---
name: logit-lens
description: Decode intermediate layer predictions using the Logit Lens technique. Use when analyzing what a model predicts at each layer, understanding information flow, or visualizing layer-wise processing.
---

# Logit Lens

Logit Lens decodes intermediate layer activations into vocabulary predictions, revealing what the model "thinks" at each processing step rather than just the final output.

## Concept

Transformer language models build predictions incrementally across layers.
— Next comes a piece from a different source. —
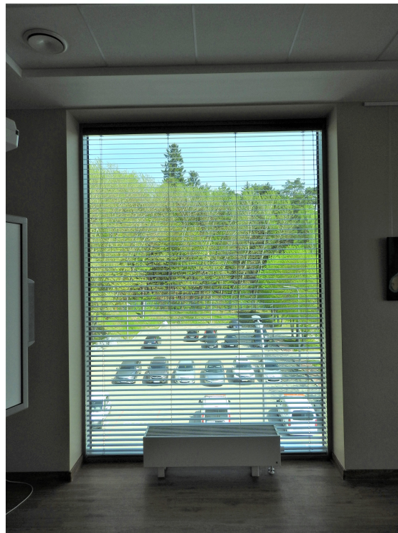
7. Elewacja boczna strona wewnętrzna.

By applying the final layer norm and unembedding head to intermediate hidden states, we can see evolving predictions.

## Basic Implementation

```python
from nnsight import LanguageModel
import torch

model = LanguageModel("openai-community/gpt2", device_map="auto", dispatch=True)

prompt = "The Eiffel Tower is in the city of"
layers = model.transformer.h
probs_layers = []

with model.trace(prompt):
    for layer_idx, layer in enumerate(layers):
        # Get layer output, apply final layer norm, then lm_head
        hidden = layer.output[0]
        normed = model.transformer.ln_f(hidden)
        logits = model.lm_head(normed)

        # Convert to probabilities
        probs = torch.nn.functional.softmax(logits, dim=-1).save()
        probs_layers.append(probs)
```

## Extract Top Predictions

```python
# Stack all layer probabilities
all_probs = torch.stack([p.value for p in probs_layers])  # [n_layers, batch, seq, vocab]

# Get top prediction at each layer for final token
final_token_probs = all_probs[:, 0, -1, :]  # [n_layers, vocab]
top_probs, top_tokens = final_token_probs.max(dim=-1)

# Decode predictions
for layer_idx, (prob, token) in enumerate(zip(top_probs, top_tokens)):
    word = model.tokenizer.decode(token.item())
    print(f"Layer {layer_idx}: '{word}' (prob: {prob:.3f})")
```

## Full Sequence Visualization

```python
import numpy as np

# Get predictions for all positions
max_probs, tokens = all_probs[:, 0, :, :].max(dim=-1)  # [n_layers, seq_len]

# Decode to words
words = [[model.tokenizer.decode(t.item()) for t in layer_tokens]
         for layer_tokens in tokens]

# Create visualization matrix
input_tokens = model.tokenizer.encode(prompt)
input_words = [model.tokenizer.decode(t) for t in input_tokens]

print("Position:", input_words)
for layer_idx, layer_words in enumerate(words):
    print(f"Layer {layer_idx:2d}:", layer_words)
```

## Efficient Batched Version

For analyzing multiple prompts or comparing behaviors:

```python
prompts = [
    "The capital of France is",
    "The capital of Germany is",
    "The capital of Japan is"
]

all_results = []

with model.trace() as tracer:
    for prompt in prompts:
        with tracer.invoke(prompt):
            prompt_probs = []
            for layer in model.transformer.h:
                hidden = layer.output[0]
                logits = model.lm_head(model.transformer.ln_f(hidden))
                probs = torch.nn.functional.softmax(logits[:, -1, :], dim=-1).save()
                prompt_probs.append(probs)
            all_results.append(prompt_probs)
```

## Remote Execution for Large Models

```python
from nnsight import CONFIG
CONFIG.set_default_api_key("YOUR_API_KEY")

model = LanguageModel("meta-llama/Llama-3.1-70B")

with model.trace("The meaning of life is", remote=True):
    layer_probs = []
    for layer in model.model.layers:
        hidden = layer.output[0]
        normed = model.model.norm(hidden)
        logits = model.lm_head(normed)
        probs = torch.nn.functional.softmax(logits[:, -1, :], dim=-1).save()
        layer_probs.append(probs)
```

## Interpretation Tips

- **Early layers**: Often predict generic/common tokens
- **Middle layers**: Begin forming task-relevant predictions
- **Late layers**: Converge to final prediction
- **Sudden changes**: May indicate important computation happening at that layer
- **Persistent wrong predictions**: Suggests information not yet integrated

## Visualization with Plotly

```python
import plotly.graph_objects as go

fig = go.Figure(data=go.Heatmap(
    z=max_probs.numpy(),
    x=input_words,
    y=[f"Layer {i}" for i in range(len(layers))],
    colorscale="Blues",
    text=words,
    texttemplate="%{text}",
    textfont={"size": 10},
))

fig.update_layout(
    title="Logit Lens: Layer-wise Predictions",
    xaxis_title="Input Position",
    yaxis_title="Layer"
)
fig.show()
```

## Use Cases

1. **Debugging model behavior**: See where predictions go wrong
2. **Understanding factual recall**: When does the model "know" the answer?
3. **Comparing model architectures**: Different models show different patterns
4. **Identifying critical layers**: Which layers matter most for a task?